*** Opening of Data excerpt ***

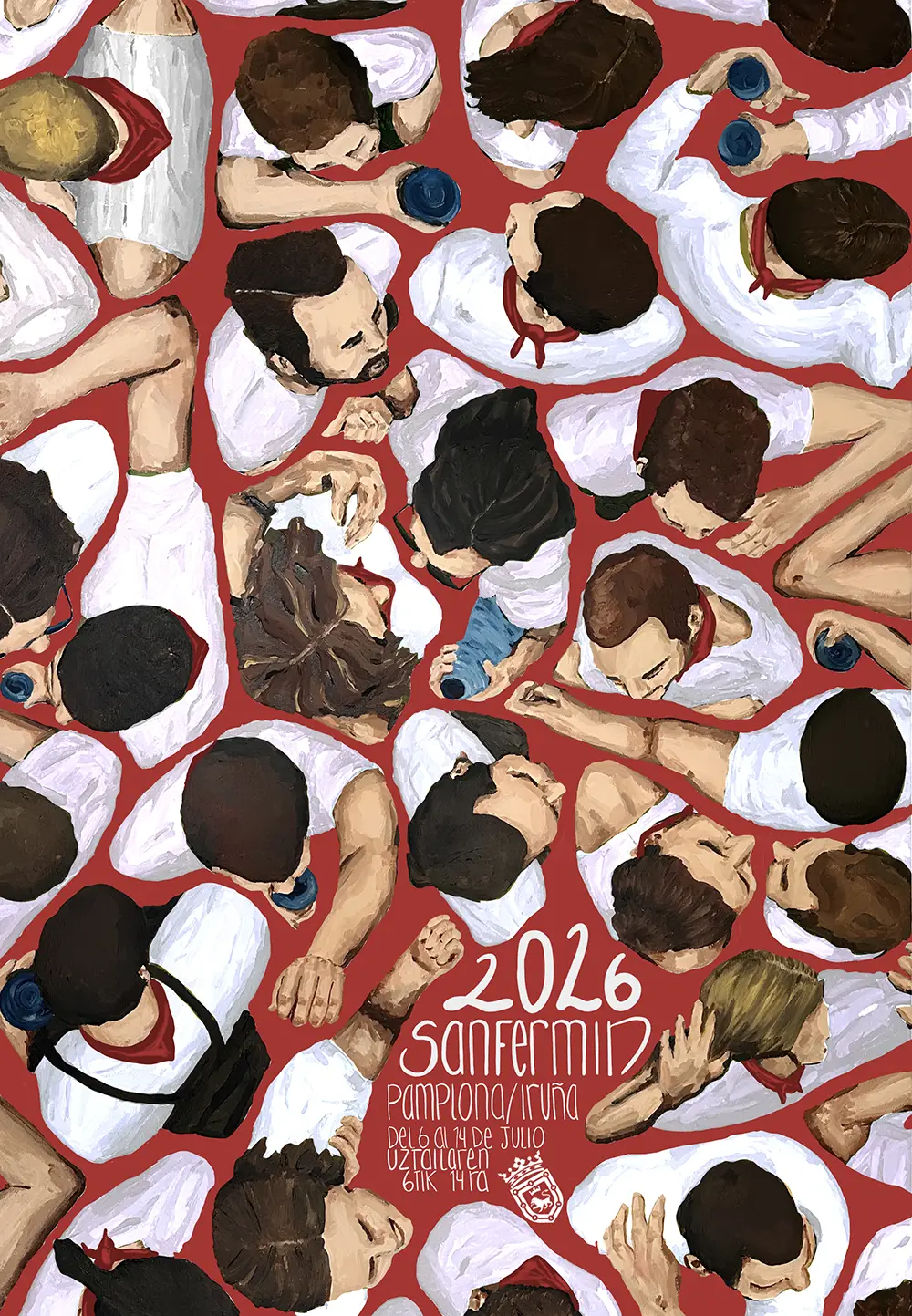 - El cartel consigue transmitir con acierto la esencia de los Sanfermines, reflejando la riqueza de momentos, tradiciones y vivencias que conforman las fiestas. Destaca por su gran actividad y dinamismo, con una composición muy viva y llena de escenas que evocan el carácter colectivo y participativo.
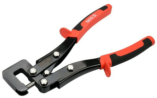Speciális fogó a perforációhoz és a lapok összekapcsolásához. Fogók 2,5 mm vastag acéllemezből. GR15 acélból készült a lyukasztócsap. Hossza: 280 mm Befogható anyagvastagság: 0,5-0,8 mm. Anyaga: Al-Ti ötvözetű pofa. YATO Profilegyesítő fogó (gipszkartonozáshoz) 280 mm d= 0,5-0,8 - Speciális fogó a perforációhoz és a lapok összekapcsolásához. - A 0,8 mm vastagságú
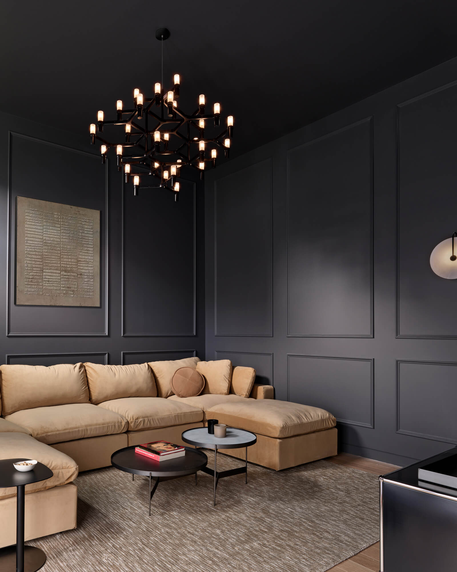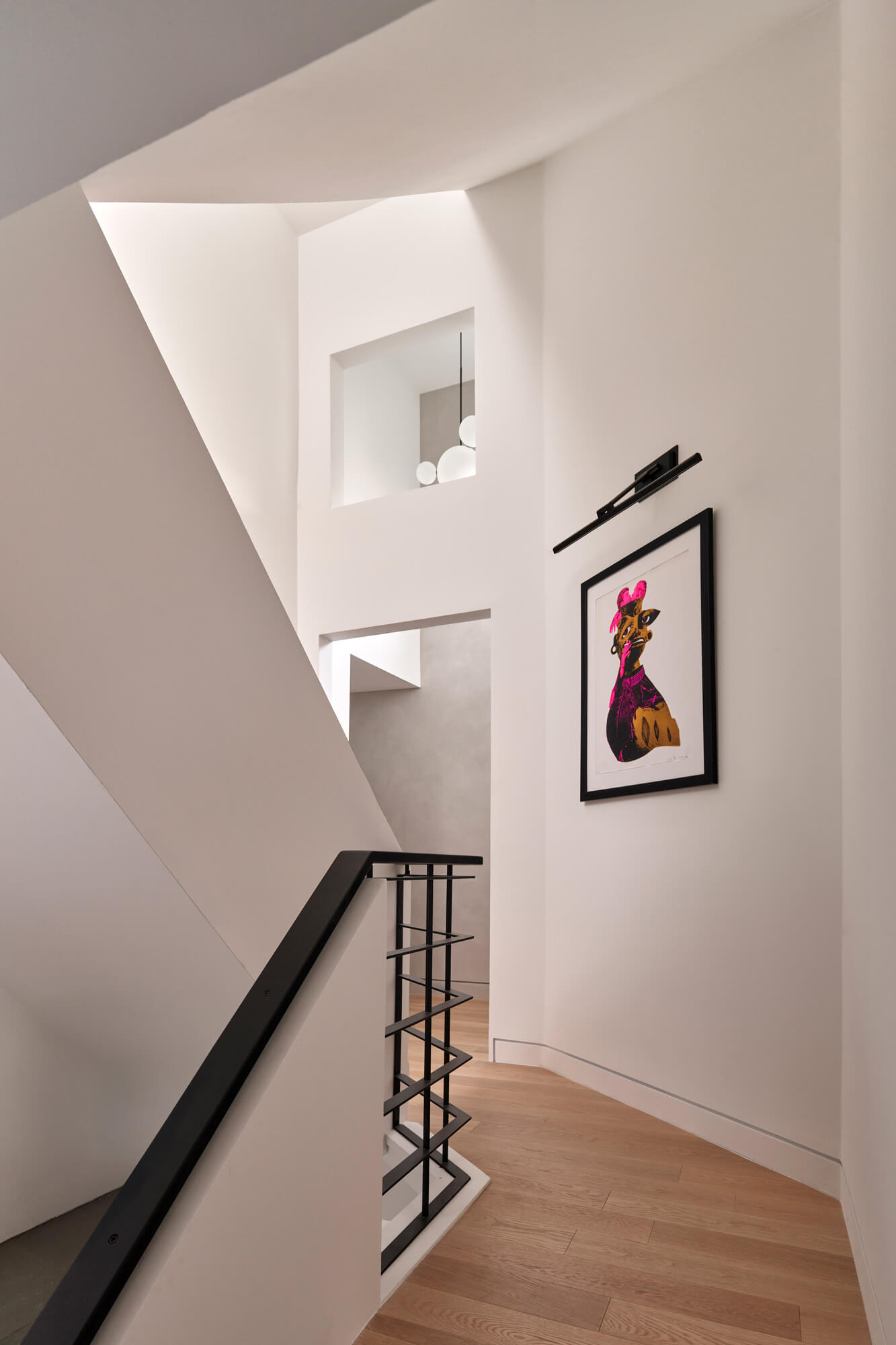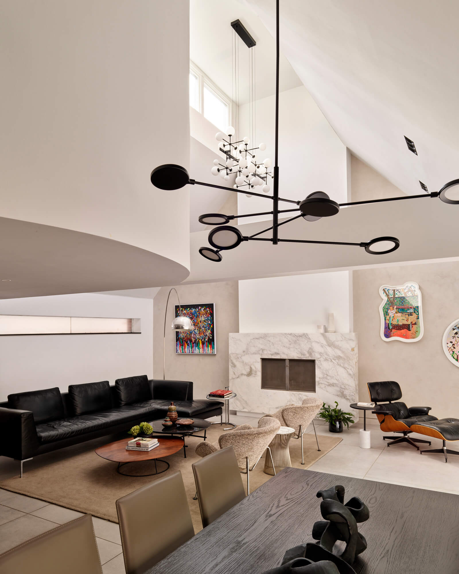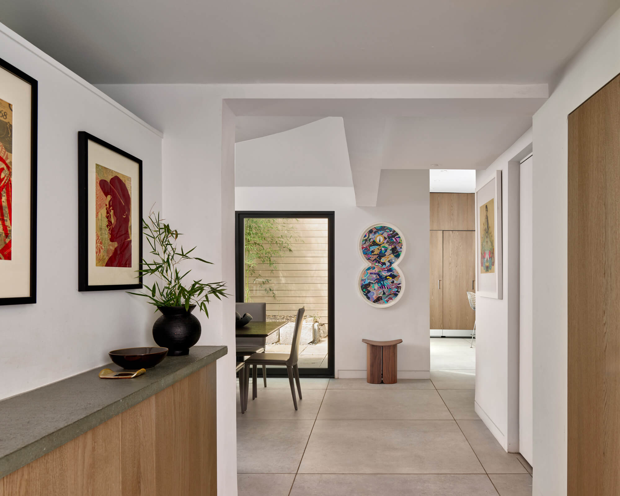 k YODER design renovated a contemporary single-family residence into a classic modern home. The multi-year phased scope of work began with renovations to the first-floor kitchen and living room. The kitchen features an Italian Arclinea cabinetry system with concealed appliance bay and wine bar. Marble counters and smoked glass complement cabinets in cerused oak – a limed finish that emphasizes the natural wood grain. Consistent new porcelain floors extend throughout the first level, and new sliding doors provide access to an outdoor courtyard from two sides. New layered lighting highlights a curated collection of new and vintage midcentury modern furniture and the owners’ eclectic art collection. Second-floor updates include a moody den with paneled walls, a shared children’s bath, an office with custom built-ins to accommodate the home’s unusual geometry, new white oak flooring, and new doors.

*** Close of Data excerpt ***

With the pictures left out, return the listing above exactly as it stands.

 - El cartel consigue transmitir con acierto la esencia de los Sanfermines, reflejando la riqueza de momentos, tradiciones y vivencias que conforman las fiestas. Destaca por su gran actividad y dinamismo, con una composición muy viva y llena de escenas que evocan el carácter colectivo y participativo.
Speciális fogó a perforációhoz és a lapok összekapcsolásához. Fogók 2,5 mm vastag acéllemezből. GR15 acélból készült a lyukasztócsap. Hossza: 280 mm Befogható anyagvastagság: 0,5-0,8 mm. Anyaga: Al-Ti ötvözetű pofa. YATO Profilegyesítő fogó (gipszkartonozáshoz) 280 mm d= 0,5-0,8 - Speciális fogó a perforációhoz és a lapok összekapcsolásához. - A 0,8 mm vastagságú
 k YODER design renovated a contemporary single-family residence into a classic modern home. The multi-year phased scope of work began with renovations to the first-floor kitchen and living room. The kitchen features an Italian Arclinea cabinetry system with concealed appliance bay and wine bar. Marble counters and smoked glass complement cabinets in cerused oak – a limed finish that emphasizes the natural wood grain. Consistent new porcelain floors extend throughout the first level, and new sliding doors provide access to an outdoor courtyard from two sides. New layered lighting highlights a curated collection of new and vintage midcentury modern furniture and the owners’ eclectic art collection. Second-floor updates include a moody den with paneled walls, a shared children’s bath, an office with custom built-ins to accommodate the home’s unusual geometry, new white oak flooring, and new doors.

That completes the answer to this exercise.